DANVILLE, Pa. — Three monkeys that had been lost along the interstate in Montour County are all accounted for, all of them now dead.
A public health risk assessment was conducted by several organizations including the CDC.
They confirm the escaped monkeys were humanely euthanized.
The monkeys escaped after a truck carrying about 100 of them collided with a dump truck Friday afternoon along Route 54 just off Interstate 80 near Danville.
“We’re rural Pennsylvania. We hear about like cows getting out and you know pigs and trucks like that wrecking, but Monkeys it’s not a common everyday thing,” said Jessica Wright, Danville.
According to a CDC spokesperson, the monkeys were en route to a CDC-approved quarantine facility after landing Friday morning in New York. They are originally from Mauritius, a country in eastern Africa.

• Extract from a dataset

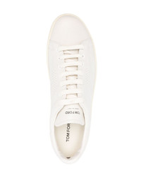 perforated-logo leather sneakers Highlights - Light beige - Calf leather - Perforated logo detail - Logo-print tongue - Branded heel counter - Round toe - Front lace-up fastening - Branded leather insole - Flat rubber sole Made in Italy Composition Sole: Rubber 100% Lining: Calf Leather 100% Outer: Calf Leather 100%

The crash happened around 3:30 p.m. Friday afternoon, that’s when the three monkeys got free in the Danville area.
Police say the driver who was transporting the monkeys was charged in the crash.
Originally, state police told us four monkeys were on the loose.

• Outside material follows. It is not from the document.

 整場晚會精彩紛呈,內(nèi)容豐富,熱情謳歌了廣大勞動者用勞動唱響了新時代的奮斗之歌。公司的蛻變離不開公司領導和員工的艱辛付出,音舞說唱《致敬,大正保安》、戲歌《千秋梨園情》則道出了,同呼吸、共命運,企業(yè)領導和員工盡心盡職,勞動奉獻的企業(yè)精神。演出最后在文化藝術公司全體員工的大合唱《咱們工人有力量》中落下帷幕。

As of Saturday afternoon, some people were still worried.
“Little monkeys, we got bears, we have coyotes, we have deer, you know all the time. A little 3-pound monkey doesn’t scare me, but why are they so concerned about it is what concerns me,” said Howie Lerch, Valley Township.
Friday night Newswatch 16 spoke with Michelle Fallon of Danville, who saw the entire accident. She jumped into action; helping both drivers and the loads they were carrying.
“I walk up back on the hill and this guy tells me, ‘Oh, he’s hauling cats. I said, ‘oh.’ So I go over to look in the crate and there’s this green cloth over it. So I peel it back, I stick my finger in there and go ‘kitty, kitty.’ It pops its head up and it’s a monkey,” Fallon said.
Fallon was contacted Saturday by the CDC and was told to monitor herself for any cold-like symptoms.
She shared the letter from the CDC with Newswatch 16; it reads in part that, “the surviving monkeys will be quarantined and will be monitored for infectious diseases for at least 31 days before their release.”